The first line of the file begins with the tag "name" followed by a space-separated list of the names of the loci.

In subsequent lines, one can choose to put genotyping error and allele frequency information by starting the lines with
the appropriate tags, as listed below:

- `gerror` :  genotyping error rate at the locus. A positive value from 0 to 1. It describes rates of genotyping error from a very 
simplistic model, the  "alpha" model: with probability of (1-a/n) the true genotype is the observed genotype and
with probability a/n the genotype is drawn randomly from the population
genotype frequencies. If genotype posterior values are given, the `gerror` information is ignored. If the genotype is not specified, we default the genotype error baseline as 0.02. 
- `afreq`: allele frequency of the "1" allele (as opposed to the "0") allele. Must be a positive float value from 0 to 1. If it's not specified, the population frequency is based on all observed genotype.

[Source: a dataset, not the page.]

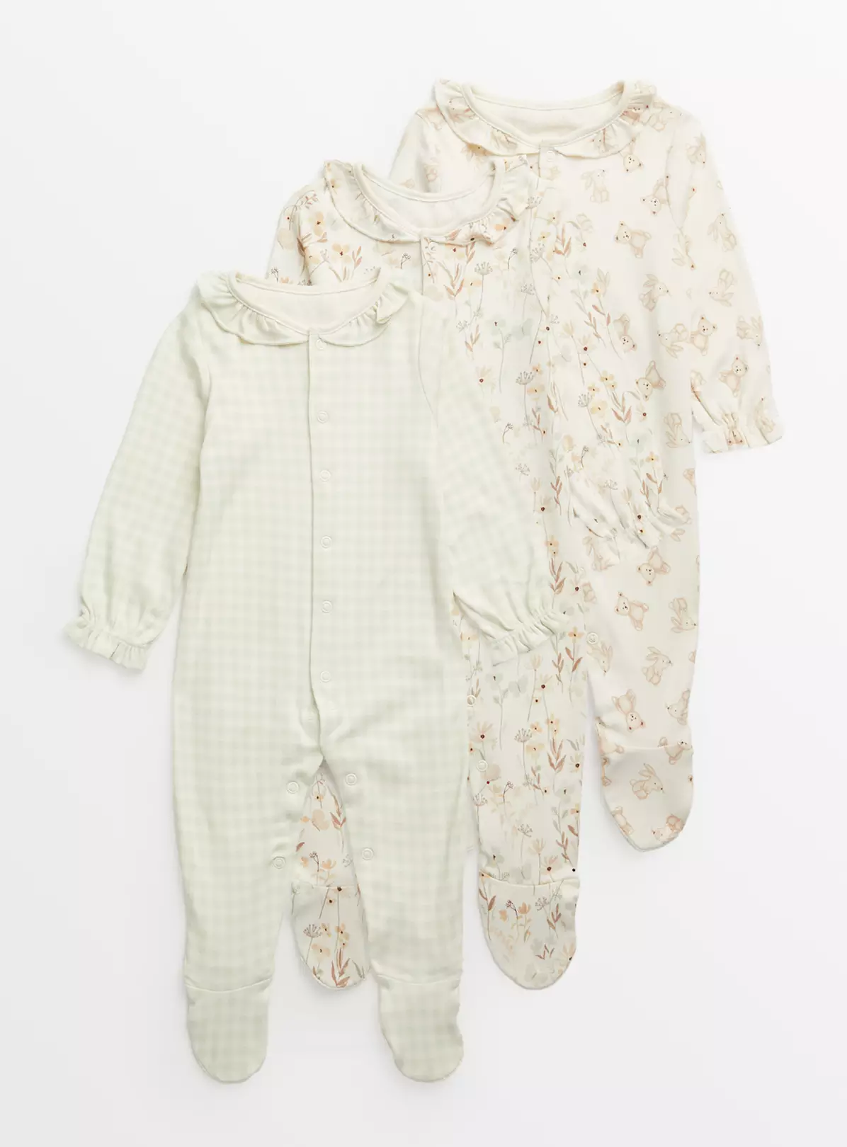 Neutral Traditional Print Sleepsuit 3 Pack9-12 Months

e.g., the file could look like this:
```
name SNP_1 SNP_2 SNP_3 SNP_4  
gerror 0.2 0.2 0.2 0.2  
afreq 0.01 0.04 0.1 0.23  
```

### About this wrapper parameters:

    -i/--inputPath: directory path that contains the input "geno.txt" and optional "marker_info.txt". String. Required.
    -o/--outputPath: directory path to store intermed and final output files. String. Optional. If not specified, use input path

    Regarding sampling:
    -r/--randomSeed: random seed to pass on sampler. Positive integer; a randomly generated value as default
    -n/--nIter: number of sampling iteration. Positive integer; 1 as default
    -c/--cyclicChoice: choices of handling loops. [0 (default), 1, or 2].
        0 - not allowing loops;
        1 - throttle method;
        2 - decimation method

    -f/--observeFrac: assumed sampling fraction. Float value from 0 to 1; 0.8 as default. However, if you don't want to impose any prior knowledge about sampling fraction, use the value of -1.

    -u/--maxUnobs: maximum number of unobserved individuals allowed in between any two individuals. Nonnegative integer; 1 as default
    -m/--maxGen: number of predecessor generation(s) considered beyond the earliest observed generation. Nonnegative integer; 0 as default. Setting it as 0 means that individuals of the earliest observed generation are treated as founders.

    Regarding specie life history:
    -s/--minAge: minimal age of sexual maturation or fecundity (in year). Positive float value; 1 as default
    -a/--maxAge: maximum age of sexual maturation or fecundity (in year). Positive float value; 1 as default

    Regarding genotype marker: (need to generate intermediate summary files of how markers are compressed/collapsed )
    -hm/--haploMethod: Selected method in the case of handling multiallelic markers. Positive integer 0 - 2; 0 as default.
        0 - taking the most informative allele whose frequency is closest to 0.5
        1 - (not avail) deconstructing haplotype into a set of nucleotide units
        2 - (not avail) reduce the multiallelic basis into n class of binomial switches
    -g/--genoerr: Assumed background genotype error rate in the form of epsilon. Float value from 0 to 1; 0.02 as default. If the genotype error row - 'gerror' of marker_info.txt is provided, this param will be overridden.